Your instructions: Set down exactly the lines below, starting at the one that contains "157 180 196" and ending at the one that contains "This power wash", with both of those lines included and nothing else.

Supplied records:
•••••

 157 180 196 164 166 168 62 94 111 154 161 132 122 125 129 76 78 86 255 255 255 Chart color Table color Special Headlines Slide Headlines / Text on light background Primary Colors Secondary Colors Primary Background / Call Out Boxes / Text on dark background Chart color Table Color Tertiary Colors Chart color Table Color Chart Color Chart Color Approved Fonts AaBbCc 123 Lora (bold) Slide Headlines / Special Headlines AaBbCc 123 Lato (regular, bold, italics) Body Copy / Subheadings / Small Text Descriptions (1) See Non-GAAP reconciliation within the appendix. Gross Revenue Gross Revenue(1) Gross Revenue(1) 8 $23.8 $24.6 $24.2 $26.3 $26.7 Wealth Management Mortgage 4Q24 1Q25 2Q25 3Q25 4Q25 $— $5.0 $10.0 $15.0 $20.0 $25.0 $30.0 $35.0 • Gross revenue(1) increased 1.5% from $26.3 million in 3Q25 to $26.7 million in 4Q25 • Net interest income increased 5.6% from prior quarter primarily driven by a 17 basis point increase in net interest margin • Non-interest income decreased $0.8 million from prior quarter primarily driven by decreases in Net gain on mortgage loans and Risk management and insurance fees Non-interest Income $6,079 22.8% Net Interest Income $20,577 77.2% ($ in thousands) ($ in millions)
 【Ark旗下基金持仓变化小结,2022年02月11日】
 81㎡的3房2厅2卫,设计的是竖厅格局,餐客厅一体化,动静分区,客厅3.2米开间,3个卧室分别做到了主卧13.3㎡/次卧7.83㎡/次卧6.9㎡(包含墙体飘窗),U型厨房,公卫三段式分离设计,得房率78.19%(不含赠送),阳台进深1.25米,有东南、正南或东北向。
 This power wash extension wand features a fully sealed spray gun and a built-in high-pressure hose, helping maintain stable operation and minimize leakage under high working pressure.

•••••

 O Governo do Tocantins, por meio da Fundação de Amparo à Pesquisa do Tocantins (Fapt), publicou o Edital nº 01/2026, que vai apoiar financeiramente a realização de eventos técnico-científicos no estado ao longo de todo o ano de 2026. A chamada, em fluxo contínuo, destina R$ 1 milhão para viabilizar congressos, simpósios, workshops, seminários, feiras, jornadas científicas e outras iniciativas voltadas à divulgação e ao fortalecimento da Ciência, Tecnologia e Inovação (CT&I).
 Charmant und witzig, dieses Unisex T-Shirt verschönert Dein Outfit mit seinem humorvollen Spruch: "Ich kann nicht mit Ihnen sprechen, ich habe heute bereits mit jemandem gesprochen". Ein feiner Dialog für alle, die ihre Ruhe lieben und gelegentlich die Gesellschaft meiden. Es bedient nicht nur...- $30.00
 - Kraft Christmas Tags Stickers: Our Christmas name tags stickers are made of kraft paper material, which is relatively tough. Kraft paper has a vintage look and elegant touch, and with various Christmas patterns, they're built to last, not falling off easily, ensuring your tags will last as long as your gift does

•••••

Solution for this task:
 157 180 196 164 166 168 62 94 111 154 161 132 122 125 129 76 78 86 255 255 255 Chart color Table color Special Headlines Slide Headlines / Text on light background Primary Colors Secondary Colors Primary Background / Call Out Boxes / Text on dark background Chart color Table Color Tertiary Colors Chart color Table Color Chart Color Chart Color Approved Fonts AaBbCc 123 Lora (bold) Slide Headlines / Special Headlines AaBbCc 123 Lato (regular, bold, italics) Body Copy / Subheadings / Small Text Descriptions (1) See Non-GAAP reconciliation within the appendix. Gross Revenue Gross Revenue(1) Gross Revenue(1) 8 $23.8 $24.6 $24.2 $26.3 $26.7 Wealth Management Mortgage 4Q24 1Q25 2Q25 3Q25 4Q25 $— $5.0 $10.0 $15.0 $20.0 $25.0 $30.0 $35.0 • Gross revenue(1) increased 1.5% from $26.3 million in 3Q25 to $26.7 million in 4Q25 • Net interest income increased 5.6% from prior quarter primarily driven by a 17 basis point increase in net interest margin • Non-interest income decreased $0.8 million from prior quarter primarily driven by decreases in Net gain on mortgage loans and Risk management and insurance fees Non-interest Income $6,079 22.8% Net Interest Income $20,577 77.2% ($ in thousands) ($ in millions)
 【Ark旗下基金持仓变化小结,2022年02月11日】
 81㎡的3房2厅2卫,设计的是竖厅格局,餐客厅一体化,动静分区,客厅3.2米开间,3个卧室分别做到了主卧13.3㎡/次卧7.83㎡/次卧6.9㎡(包含墙体飘窗),U型厨房,公卫三段式分离设计,得房率78.19%(不含赠送),阳台进深1.25米,有东南、正南或东北向。
 This power wash extension wand features a fully sealed spray gun and a built-in high-pressure hose, helping maintain stable operation and minimize leakage under high working pressure.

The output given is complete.